* **THE TASK**
Nothing but the lines from the one containing "Apartmani se nalaze" through the end of the data should be retyped, exactly as they stand, and pictures should not be retyped.

* **EXERCISE INPUT**
○ ○ ○ ○
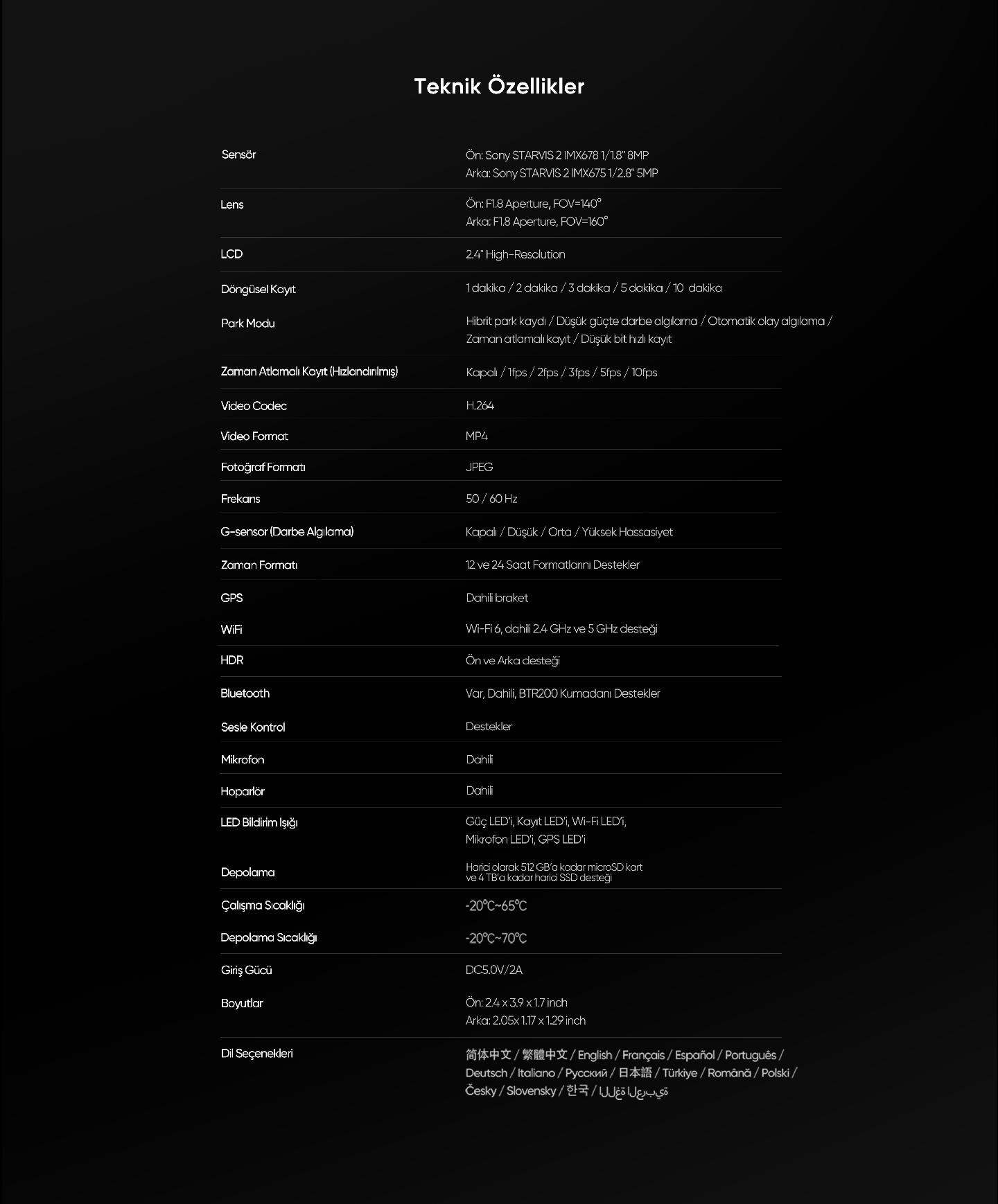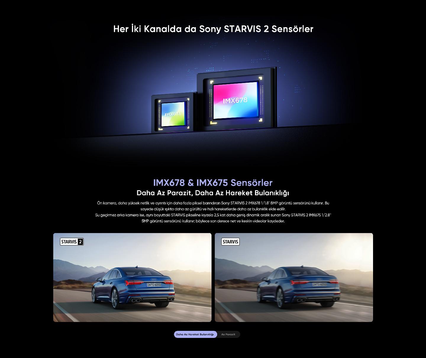 - Arka Kamera: Sony STARVIS 2 IMX675 1/2.8" 5MP sensör su geçirmez
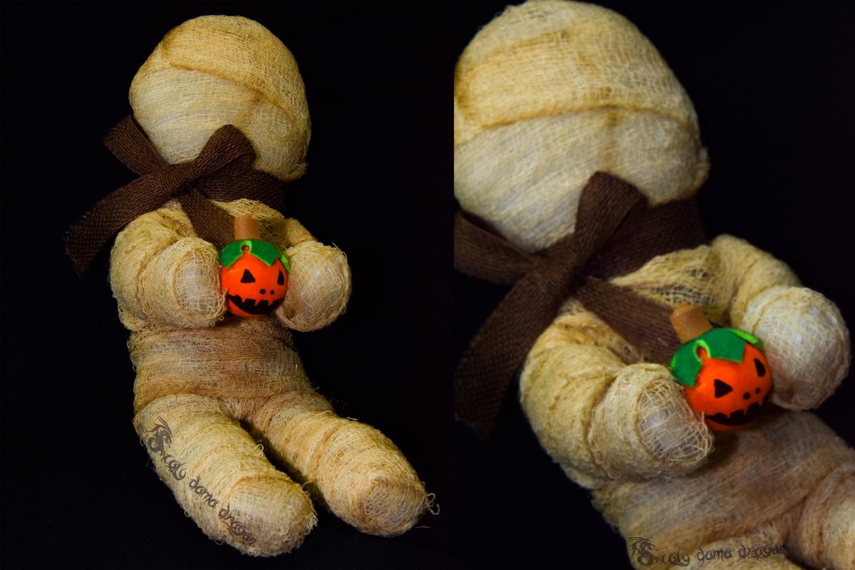 Para darle un nuevo sentido a la momificación he creado este ambientador o momia aromatizaste muy suavesita tipo squishy el cual puedes utilizar como complemento para regalar en halloween.
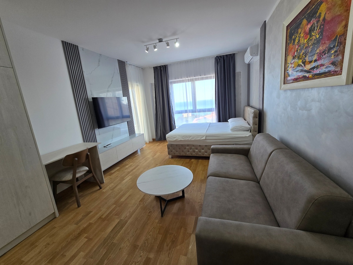 Apartmani se nalaze u hotelu Ponta Nova, imaju poseban ulaz i poseban lift!Prekrasan pogled sa terase!! Supermarket, veliki izbor kafića i restorana su na pešačkoj udaljenosti. Odlične i udobne plaže za svaki izbor, najbolje Kamenovo i Sveti Stefan! Ako ste raspoloženi za divan odmor na plaži, ukusnu hranu i veličanstvene poglede, onda ste na pravom mestu🤗
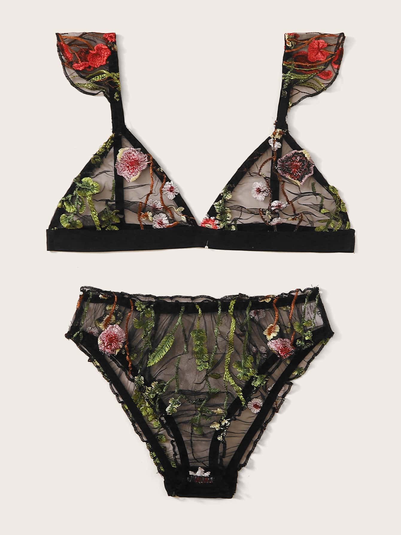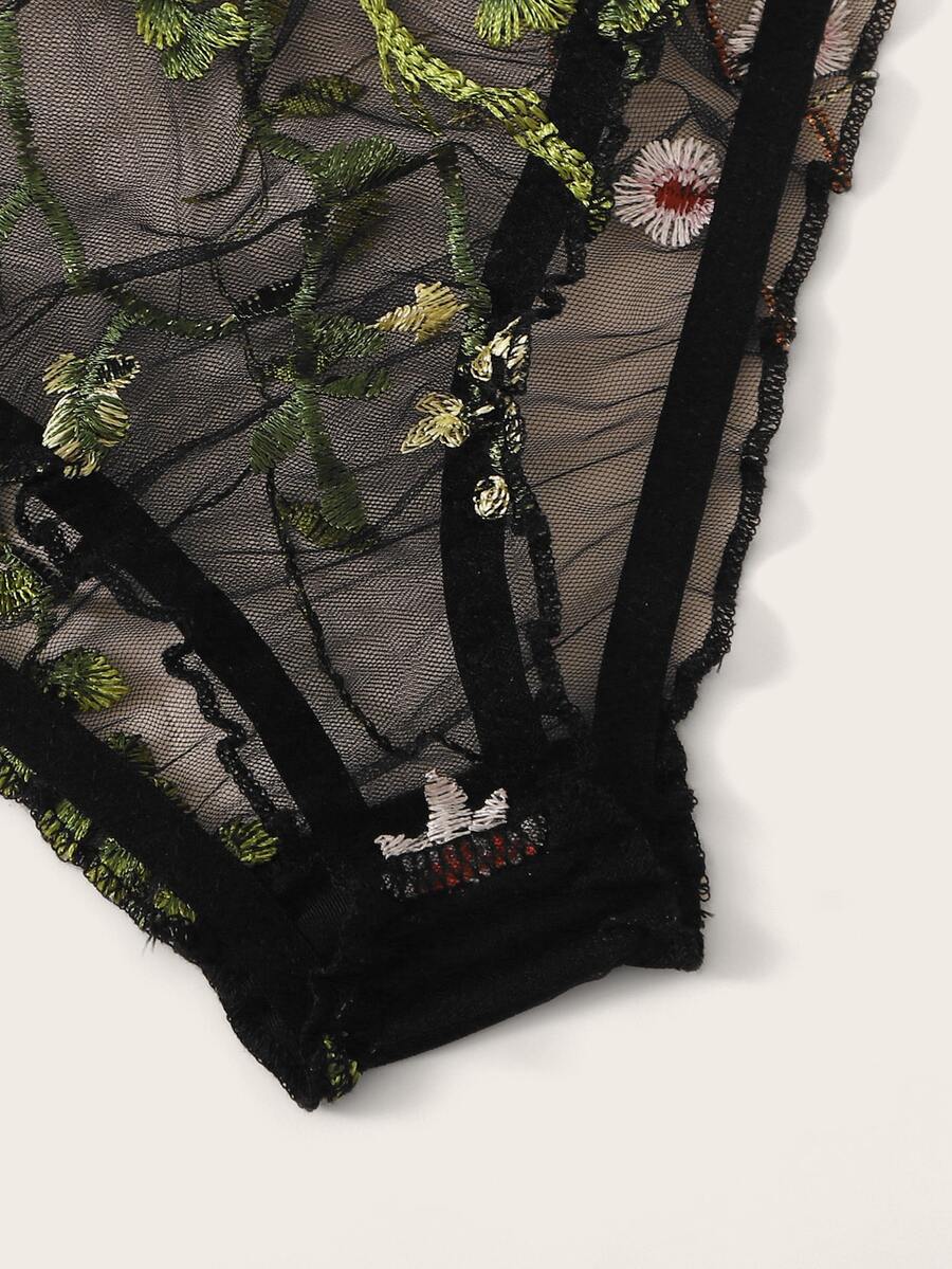 ملابس سكسي داخلية التطريز رسم الزهر رومانسي
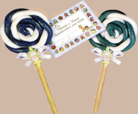 - Use um pouco de cola branca para prender a massa no palito e de preferência faça isso quando a massa estiver ainda mole.
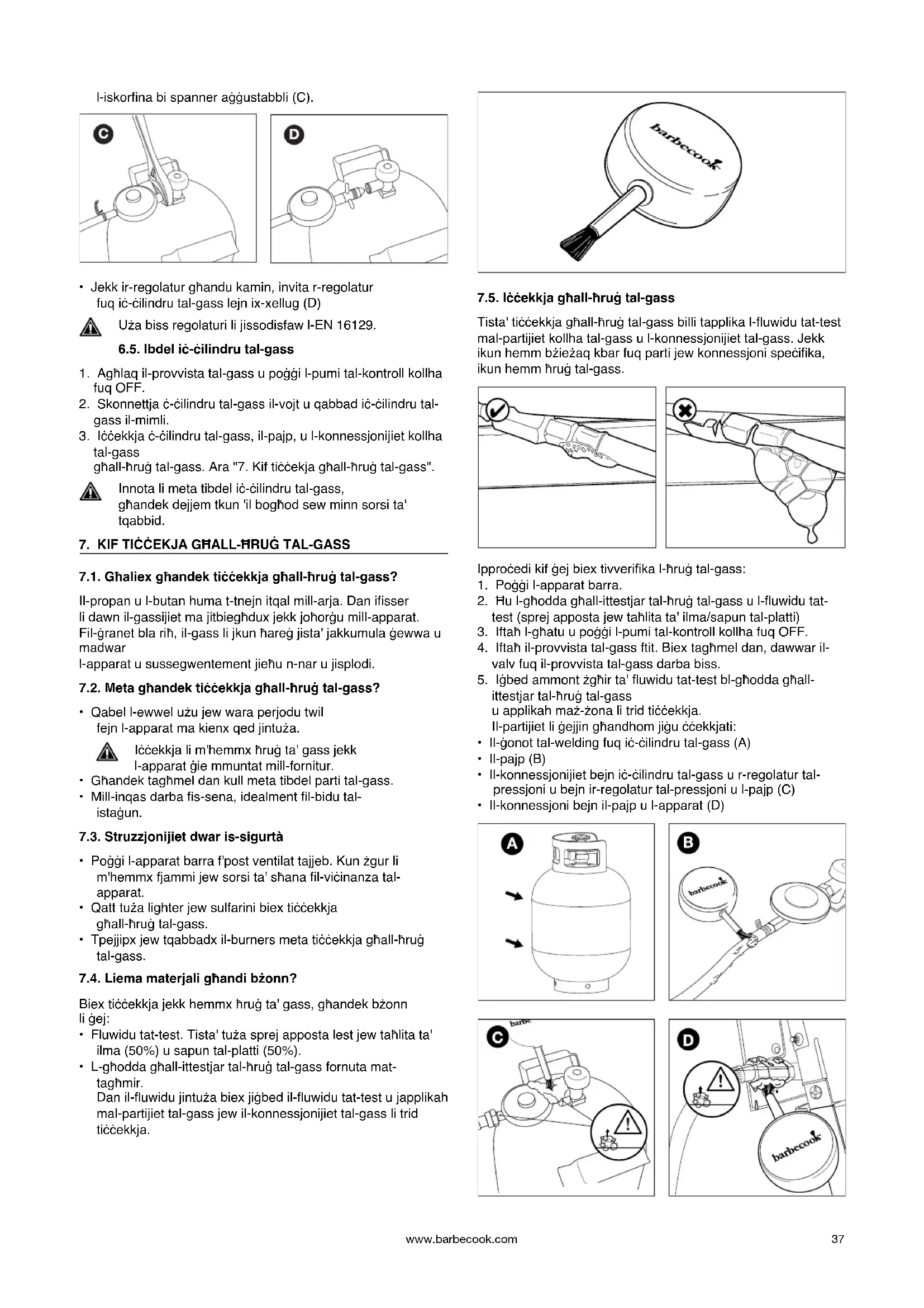 negozjant ta' Barbecook. M'għandekx tibda tuża l-apparat qabel ma l-ħruġ tal-gass ikun ġie rranġat. Ara www.barbecook.com jew lista ta' negozjanti ta' Barbecook l-qrib tiegħek.
○ ○ ○ ○
* **SOLUTION TO THIS PROBLEM**
 Apartmani se nalaze u hotelu Ponta Nova, imaju poseban ulaz i poseban lift!Prekrasan pogled sa terase!! Supermarket, veliki izbor kafića i restorana su na pešačkoj udaljenosti. Odlične i udobne plaže za svaki izbor, najbolje Kamenovo i Sveti Stefan! Ako ste raspoloženi za divan odmor na plaži, ukusnu hranu i veličanstvene poglede, onda ste na pravom mestu🤗
 ملابس سكسي داخلية التطريز رسم الزهر رومانسي
 - Use um pouco de cola branca para prender a massa no palito e de preferência faça isso quando a massa estiver ainda mole.
 negozjant ta' Barbecook. M'għandekx tibda tuża l-apparat qabel ma l-ħruġ tal-gass ikun ġie rranġat. Ara www.barbecook.com jew lista ta' negozjanti ta' Barbecook l-qrib tiegħek.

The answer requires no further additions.